Tajowal is a village in Shaheed Bhagat Singh Nagar district of Punjab State, India. It is located 14 km away from post office Rahon, 20 km from Nawanshahr, 22 km from district headquarter Shaheed Bhagat Singh Nagar and 82 km from state capital Chandigarh. The village is administrated by Sarpanch an elected representative of the village.

== Demography ==
As of 2011, Tajowal has a total number of 89 houses and population of 483 of which 246 include are males while 237 are females according to the report published by Census India in 2011. The literacy rate of Tajowal is 79.76% higher than the state average of 75.84%. The population of children under the age of 6 years is 63 which is 13.04% of total population of Tajowal, and child sex ratio is approximately 703 as compared to Punjab state average of 846.

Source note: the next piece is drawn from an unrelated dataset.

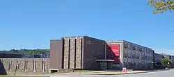 After several other moves, in 1928 the school moved to twin H-shaped structure of red brick and limestone trim in an English Tudor / Elizabethan /Jacobethan architecture on Gwynns Falls Parkway, opposite financier George Brown's estate "Mondawmin" which was replaced by one of the earliest enclosed malls in 1956), which was the duplicate of a similar new building for sister Eastern High in 1938 on 33rd Street and Loch Raven Boulevard.
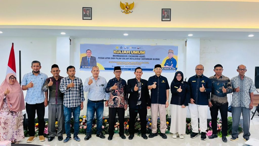 Turut hadir dalam kegiatan ini Kepala Kanwil DJP Aceh, Dr. Paryan, Ak., M.M., selaku narasumber utama; Kepala KPP Pratama Aceh Besar, Ibu Suci Lestari Hakam, SST., Ak., M.Ak.; serta Kepala KP2KP Sigli, Bapak Lusi Wiratno, beserta jajaran. Kehadiran para pejabat DJP Aceh tersebut menjadi bentuk nyata dukungan institusi perpajakan terhadap penguatan literasi fiskal di lingkungan perguruan tinggi.

Most of the people are from Schedule Caste which constitutes 68.74% of total population in Tajowal. The town does not have any Schedule Tribe population so far.

As per the report published by Census India in 2011, 176 people were engaged in work activities out of the total population of Tajowal which includes 120 males and 56 females. According to census survey report 2011, 38.07% workers describe their work as main work and 61.93% workers are involved in Marginal activity providing livelihood for less than 6 months.

== Education ==
The village has a Punjabi medium, co-ed primary school established in 1970. The school provide mid-day meal per Indian Midday Meal Scheme. As per Right of Children to Free and Compulsory Education Act the school provide free education to children between the ages of 6 and 14.

KC Engineering College and Doaba Khalsa Trust Group Of Institutions are the nearest colleges. Industrial Training Institute for women (ITI Nawanshahr) is 16 km. The village is 68 km away from Chandigarh University, 45 km from Indian Institute of Technology and 61 km away from Lovely Professional University.

== Transport ==
Nawanshahr train station is the nearest train station however, Garhshankar Junction railway station is 27 km away from the village. Sahnewal Airport is the nearest domestic airport which located 49 km away in Ludhiana and the nearest international airport is located in Chandigarh also Sri Guru Ram Dass Jee International Airport is the second nearest airport which is 171 km away in Amritsar.